There's A Way
Sooner or later 35 mpg (6.7 L/100 km) for cars and trucks, or maybe 35 mpg for cars and 30 mpg (7.8 L/100 km) for trucks, is going to be the law of the land. One proposal in Washington would require 35 mpg for all vehicles by 2018.
August 1, 2007
Sooner or later 35 mpg (6.7 L/100 km) for cars and trucks, or maybe 35 mpg for cars and 30 mpg (7.8 L/100 km) for trucks, is going to be the law of the land. One proposal in Washington would require 35 mpg for all vehicles by 2018.
That's still a ways out. I figure it will happen about the time the Detroit Lions make the playoffs.Today, 35 mpg for cars is not that hard. It represents a 25% increase from today's corporate average fuel economy standard of 27.5 mpg (8.5 L/100 km).
Getting there requires technology: lightweight materials, E85 ethanol and fuel-saving transmissions. Chrysler is going to the double clutch gearbox as standard, and 6-speed automatics are common. Next come 7-speeds. That 25% gain is practically within grasp.
Make cylinder deactivation universal for all V-8s, and try it on V-6s. Chrysler says it will improve fuel economy more than 6% by using cylinder cutoff on V-6s.
And let's standardize stop-start systems to shut off the engine at red lights and at idle. Stay on the diesel and hybrid track. It's reasonable to expect Detroit eventually will build a Toyota Prius-like hybrid that gets 45 mpg (5.2 L/100 km) and sell a flock of them. The plug-in hybrids that GM keeps talking about might actually work.
Do the numbers: These changes bring you within striking distance of 35 mpg.Trucks are another story. Going from 22 mpg (10.6 L/100 km) to 35 mpg is a 50% increase — very tough to do.
Yes, we see hybrids coming this fall in big SUVs at GM and Chrysler. They and Ford all promise to have diesel light pickups by 2010, which could mean a 25% fuel economy increase. With the added cost of a diesel (up to $5,000), we don't know how many buyers will take them.
These are big, heavy vehicles, and putting them on a weight-reduction plan could run up costs big time.But it can be done, if our government and auto makers get creative.
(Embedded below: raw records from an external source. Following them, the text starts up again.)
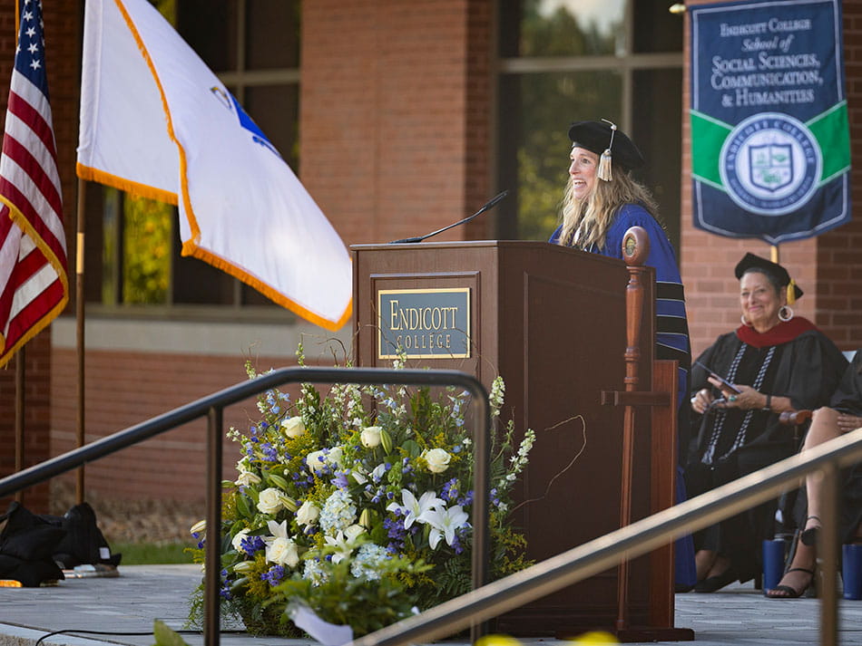 Convocation, which included a rousing performance from the Endicott Singers, also featured remarks from elementary education major and Student Government President Jordan LaValley ’25.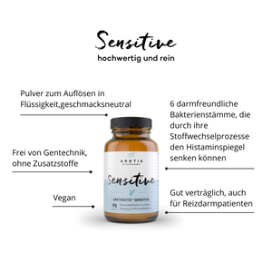 Sensitive est un mélange de bactéries positives et bénéfiques pour ta flore intestinale. Ces bactéries peuvent bloquer l'histamine et la réduire, et ont en outre une influence positive sur le milieu intestinal.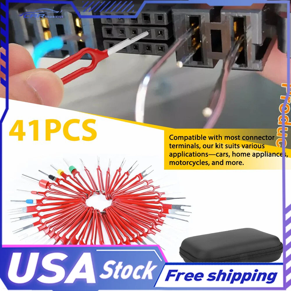 Fit for: Compatible with most connector terminals, our kit suits various applications—cars, home appliances, motorcycles, and more. Specifications: Product Material: Stainless steel 301+plastic Color: Blue ? Features: *High-quality Terminal Tool Made of high-quality stainless steel and durable plastic to ensure our long-term use without deformation. *Easy to Use The electric needle removal tool is easy to use, push and pull the terminal pin with the connector needle removal tool, you can effortlessly remove from the wire harness connector without causing any damage. *Portable 41PCS Terminal Removal Tool Car Ejector Pin Wire Kit Connector Puller Extractor Fit for: Compatible with most connector terminals, our kit suits various applications—cars, home appliances, motorcycles, and more. Specifications: Product Material: Stainless steel 301+plastic Color: Blue ? Features: *High-quality Terminal Tool Made of high-quality stainless steel and durable plastic to ensure our long-term use without deformation. *Easy to Use The electric needle removal tool is easy to use, push and pull the terminal pin with the connector needle removal tool, you can effortlessly remove from the wire harness connector without causing any damage. *Portable The pin removal tool set includes a protective bag for easy storage and portability. Small and lightweight, it is suitable for use anytime,anywhere. *Wide Application Suitable for various connector terminals in automobiles, motorcycles and electronic vehicles, the terminal ejection kit is widely used and reliable. *Quality Test All products were tested for performance and to ensure the accurate parameter for your vehicle. Packaging Include: 41 x Terminal Removal Tools 1 x Protective Bag Item Specifics Brand : Unbranded Universal Fitment : Yes Product Material : Stainless steel 301 plastic Color : Red Type : Terminal Removal Tool Design : Long-handle design Manufacturer Warranty : 1 Year Packaging Include 1 : 41 x Terminal Removal Tools Packaging Include 2 : 1 x Protective Bag Features 1 : High-quality Terminal Tool Features 2 : Easy to Use Features 3 : Portable Features 4 : Wide Application Features 5 : Quality Test Fit for 1 : Compatible with most connector terminals, Fit for 2 : cars, home appliances, motorcycles, and more. Payment (1) Instant PayPal payment is the preferred method of payment. (2) We also accept payment via PayPal, DebitCard, Visa, MasterCard, Discover. (3) We will only ship to the confirmed PayPal shipping address given with the payment. (4) If you want to ship to other address, please change your PayPal shipping address before you make payment. (5) To avoid initiating an unpaid item claim, please pay within 7 days. Shipping (1) We will ship your item(s) within 24 hours. (2) We ship this item to US usually via USPS first class mail. It usually takes 3-6 working days to deliver. Returns (1) We offer free return & money back guarantee. If you are not satisfied with your purchase for any reasons, you can return the item for refund or replacement/exchange. All returns must include the original packaging. (Please refer to our return policy for details.) (2) If you don't return goods within 60 days from date of purchase, your right to cancel will be revoked. Any items damaged because of incorrect installation will not be refunded. Please contact us for return or troubleshooting help prior to returning any products. (3) Unauthorized reselling of AUXITO products is strictly prohibited and we can't honor the warranty if purchasing from the unauthorized reseller. Contact Us [Our office hours are MONDAY - Saturday 9:00PM - 6:00PM PST, but we will response you once we get your message .There will be some delay on respons if you send message or E-Mail on Sundy.] (1).Negative feedback will not help resolve any problems you have, please contact us via eBay messages before leaving negative feedback, our customer service will make best effort to help you with the issues. (2).We maintain high standards of excellenceand strive for 100% customer satisfaction! Feedback is very important to us. We request that you contact us immediately BEFORE you give us neutral or negative feedback, so that we can satisfactorily address your concerns. FAQ Why swith to LED? LEDs not only give your vehicle a clean, modern look but, with proper use, will outlast any halogen bulb and HID bulb! Low energy draw, high lumen output, and instant on/off LED technology out shines stock bulbs in every way. Which bulbs are used in my vehicle? Check Sylvania automotive lamp replacemnt guide, you can select the year, make, and model of your vehicle, then select the application you want to replace or upgrade from stock. What does CAN Bus mean? CAN Bus means Controller Area Network Bus. This system monitors your vehicle and reports operating conditions. CAN Bus systems are commonly found in European vehicles such as BMW, Audi, Mercedes, Volkswagen, Porsche, and in many American vehicles. While most late model American vehicles have CAN Bus systems, it is always good to check with your vehicle dealer to see which system your vehicle has before purchasing electrical products. When do you need Warning Canceller? Some vehicles with cmplex internal computers(such as Audi,BMW,Jaguar,Mercedes,etc.) might report on-dash errors or flickering on the headlights. The warning canceller fixes the dashboard warning and flickering effect. Bulb Out Dashboard Error: On some vehicles, the dashboard will report as if you have a headlight bulb missing or burnt. It does not affect the headlights functioning, but the light on-dash will be on. The warning canceller fixes the issue. Flickering Issue: This happens when your vehicle does not recognize the new headlights installed. When turning the headlights on, the vehicle's computer does not understand the signal back from the headlights hence thinking they are still off. This triggers the headlight flickering effect. The warning canceller solves this issue. LED Advanta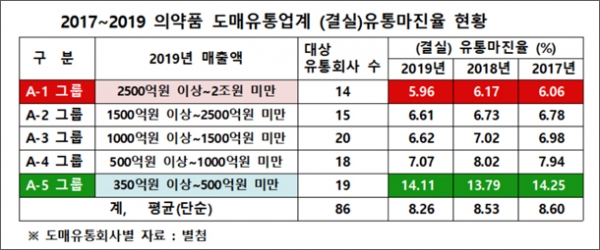 이 공식을 적용해, 86곳 도매유통사들의 3개년(2017년~2019년) 유통마진율을 5개 그룹으로 나누어 산출했다. 순수 도매유통업계의 유통마진율에 대한 왜곡을 없애고 그 진면목을 알기 위해, 제약도매(2곳), 병원직영으로 알려진 도매(9곳), 약국 프랜차이즈 도매(3곳) 및 1~2개년 실적만 공개된 도매(2곳)들을 분석 대상에서 제외했다. 다음 [표]와 같다.

For instance, perhaps the new CAFE rules will not apply to trucks used for work. A local official would have to certify that a pickup, SUV or minivan is a work vehicle, meaning you hand him $200 for a special stamp. Sort of like those handicapped parking tags we often find in cars owned by the able bodied.
For non-commercial pickups, we have the “drafting credit.” They get a 3-mpg (1.2-km/L) credit because cars get behind them and “draft,” or are pulled along by the vacuum, saving fuel.
Yes, trucks are tough, but one way or another, we'll manage. I was a Washington bureau chief for a few years and learned the way the system works.
Our legislators wouldn't want to make Toyota or Nissan shut their new U.S. truck plants.
The message to Detroit: Where there's a will, there's a way.
Jerry Flint is a columnist for, and former senior editor of, Forbes magazine.